____ RECORDS FOR THE EXERCISE
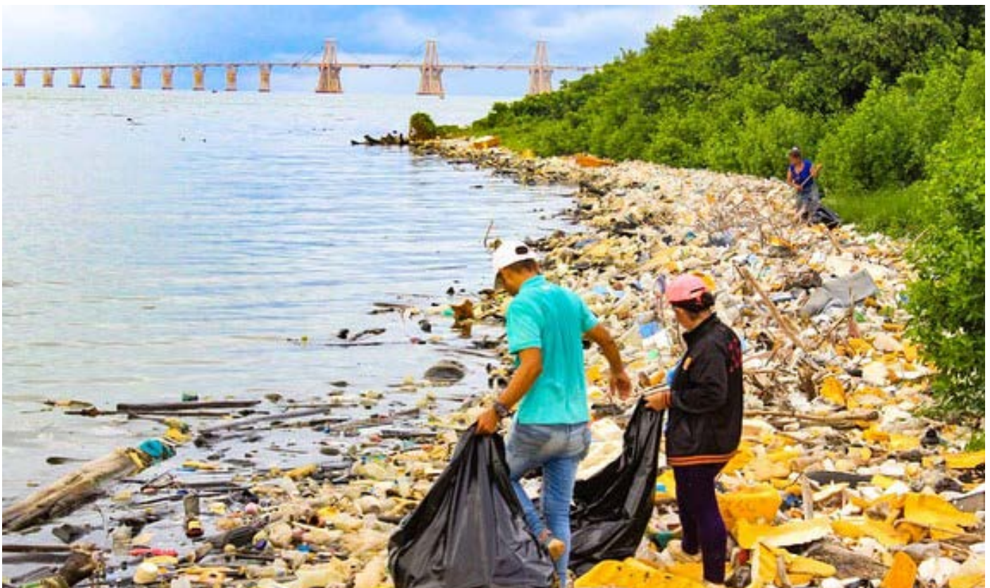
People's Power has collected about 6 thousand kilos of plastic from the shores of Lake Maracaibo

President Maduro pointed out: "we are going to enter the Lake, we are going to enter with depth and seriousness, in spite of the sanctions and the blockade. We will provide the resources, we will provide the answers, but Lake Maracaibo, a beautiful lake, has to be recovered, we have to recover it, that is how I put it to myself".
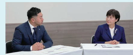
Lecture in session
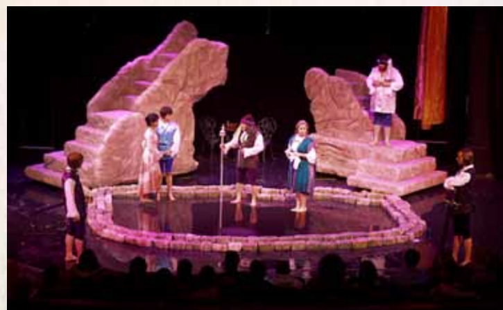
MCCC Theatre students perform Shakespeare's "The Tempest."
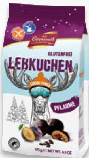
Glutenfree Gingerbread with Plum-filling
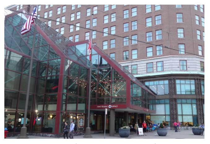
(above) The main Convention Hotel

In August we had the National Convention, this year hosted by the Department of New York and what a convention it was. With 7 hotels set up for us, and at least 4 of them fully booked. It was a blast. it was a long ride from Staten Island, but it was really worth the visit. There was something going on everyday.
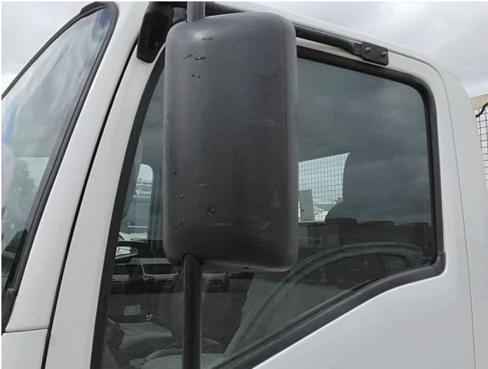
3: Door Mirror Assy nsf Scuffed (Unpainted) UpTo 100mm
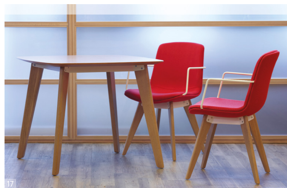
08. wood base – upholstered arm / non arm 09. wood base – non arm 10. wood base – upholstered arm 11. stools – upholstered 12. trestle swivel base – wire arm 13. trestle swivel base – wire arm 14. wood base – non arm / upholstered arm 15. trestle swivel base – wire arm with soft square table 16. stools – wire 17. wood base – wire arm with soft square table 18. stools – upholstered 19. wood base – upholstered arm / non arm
________
____ RECORDS FOR THE EXERCISE
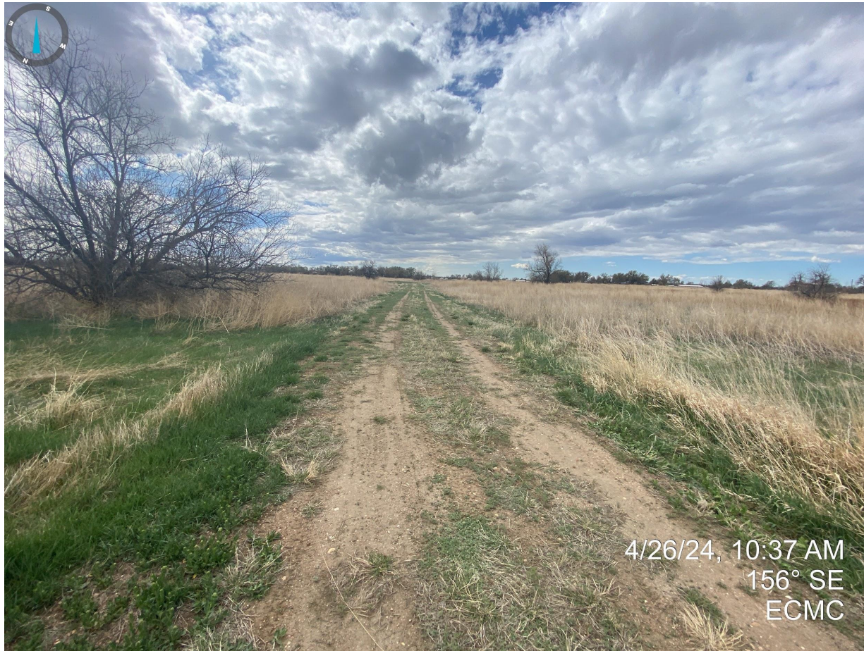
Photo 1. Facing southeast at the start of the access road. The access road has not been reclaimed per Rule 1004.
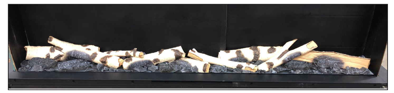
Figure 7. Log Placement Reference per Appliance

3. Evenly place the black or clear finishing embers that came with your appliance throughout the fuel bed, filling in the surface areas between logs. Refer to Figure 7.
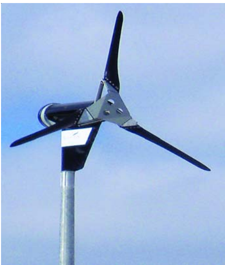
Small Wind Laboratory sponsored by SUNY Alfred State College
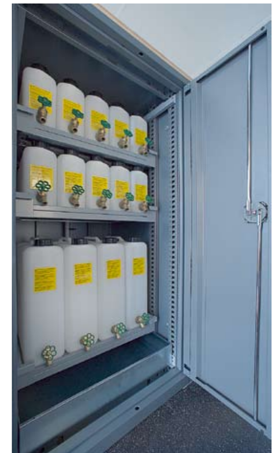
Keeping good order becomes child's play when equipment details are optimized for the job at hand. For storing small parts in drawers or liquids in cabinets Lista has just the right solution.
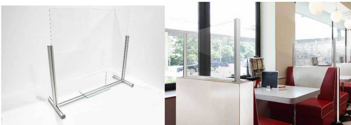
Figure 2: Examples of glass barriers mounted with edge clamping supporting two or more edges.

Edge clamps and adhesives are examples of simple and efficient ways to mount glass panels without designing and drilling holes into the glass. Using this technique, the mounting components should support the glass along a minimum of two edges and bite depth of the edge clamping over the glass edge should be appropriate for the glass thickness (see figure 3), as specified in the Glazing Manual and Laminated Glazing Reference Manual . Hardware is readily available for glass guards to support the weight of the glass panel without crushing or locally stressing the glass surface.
________
____ RECORDS FOR THE EXERCISE
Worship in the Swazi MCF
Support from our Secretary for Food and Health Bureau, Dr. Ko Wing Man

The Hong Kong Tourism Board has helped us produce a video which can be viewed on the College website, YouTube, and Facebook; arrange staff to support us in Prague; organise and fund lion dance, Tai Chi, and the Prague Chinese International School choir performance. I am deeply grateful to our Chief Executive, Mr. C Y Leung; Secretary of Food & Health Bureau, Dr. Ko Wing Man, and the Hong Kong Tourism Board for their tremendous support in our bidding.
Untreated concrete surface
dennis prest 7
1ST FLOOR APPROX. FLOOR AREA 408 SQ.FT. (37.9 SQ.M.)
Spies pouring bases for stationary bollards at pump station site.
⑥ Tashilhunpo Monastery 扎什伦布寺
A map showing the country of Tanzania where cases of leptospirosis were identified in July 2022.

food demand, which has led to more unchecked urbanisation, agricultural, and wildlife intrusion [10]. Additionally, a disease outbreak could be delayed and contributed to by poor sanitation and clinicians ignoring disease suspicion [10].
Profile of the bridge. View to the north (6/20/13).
________
Only the lines above from the one with "Untreated concrete surface" up to and including the one with "⑥ Tashilhunpo Monastery 扎什伦布寺" should be repeated, exactly as written.

Untreated concrete surface
dennis prest 7
1ST FLOOR APPROX. FLOOR AREA 408 SQ.FT. (37.9 SQ.M.)
Spies pouring bases for stationary bollards at pump station site.
⑥ Tashilhunpo Monastery 扎什伦布寺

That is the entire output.